EXERCISE DIRECTIONS
In the copy, keep every word of the data below and none of its pictures.
+++ DATASET SECTION
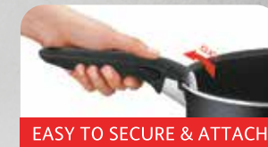
EASY TO SECURE & ATTACH

Simply press the two side buttons simultaneously.
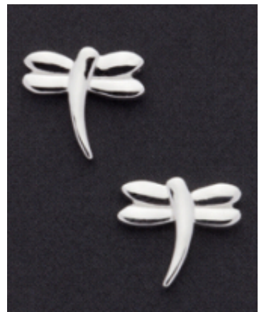
Catalogue No. 08
++++++
EXERCISE RESULT
EASY TO SECURE & ATTACH

Simply press the two side buttons simultaneously.
Catalogue No. 08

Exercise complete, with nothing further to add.